German power player backs Cambridge world-first diagnostic for COPD

Cambridge UK healthcare technology bolstered by German development expertise have combined to increase the life expectancy of patients suffering from chronic obstructive pulmonary disease (COPD).

A hand-held device from Cambridge-based Glyconics designed to give early warning of acute events and avoid the hospitalisation of thousands of patients with COPD is to go into production ahead of clinical trials.

This follows an agreement between Glyconics and Spectrolytic, a German-headquartered leading developer of infrared spectrometers.

IR spectrometry is proven as a non-invasive technique for diagnosis of a range conditions including COPD and diabetes but the current IR technology is too large to be used outside of a hospital.

Glyconics, based at the St John’s Innovation Centre in Cambridge, is the first player to miniaturise IR technology to enable a low-cost device suitable for use by healthcare professionals and their patients at home.

Dr Niall Gallen, CTO at Glyconics, says: “Our technology has gained proof of concept and we are now accelerating the development of our device and platform. By entering an exclusive agreement with Spectrolytic we will be able to produce Glyconics devices for testing ready for major clinical trials next year.”
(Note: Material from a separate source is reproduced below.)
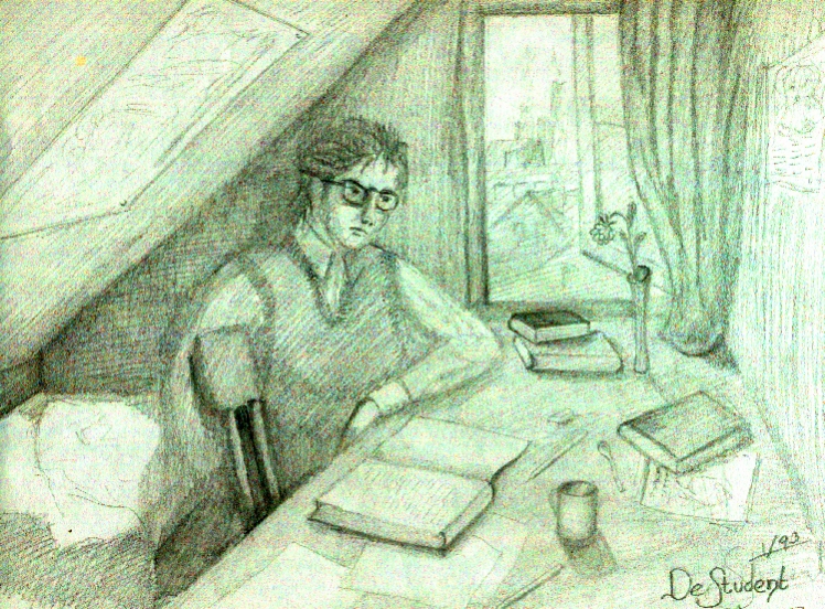 An oldie self-portrait. The room resembles the attic I lived in, but is not "copied" - the bed was the other way around, and the roof was folded the other way. It's about how I long to be outside instead of learning from them empty books in this small, impossible sized attic.

Spectrolytic is the world leader in the use of spectroscopy for industrial and food applications; through the agreement with medical diagnostics specialists Glyconics it will produce the world’s first hand-held IR devices for COPD and other conditions.

Carsten Giebeler, CEO of Spectrolytic, says: “Spectrolytic was founded with the aim of making spectroscopy solutions more widely available. Glyconics are recognised leaders in spectroscopy for medical areas; this expertise will enable us to produce a low cost device that can be used in the home.”

Independent endorsement of diagnostics technology is crucial to its adoption and Professor Anoop Chauhan, director of Research & Innovation at Portsmouth Hospitals NHS Trust, says the initial application for COPD is exciting.

He says: “At the moment, when patients develop an exacerbation, they become very breathless and very wheezy, and as a result they require increased levels of treatment. Some patients have crisis exacerbations and they end up in hospital.

“These attacks are preventable if treatment is given early but we currently have no technology able to predict them. It is this unmet need that Glyconics is addressing.”

• The Glyconics devices will be ready for user trials in Q1 2019.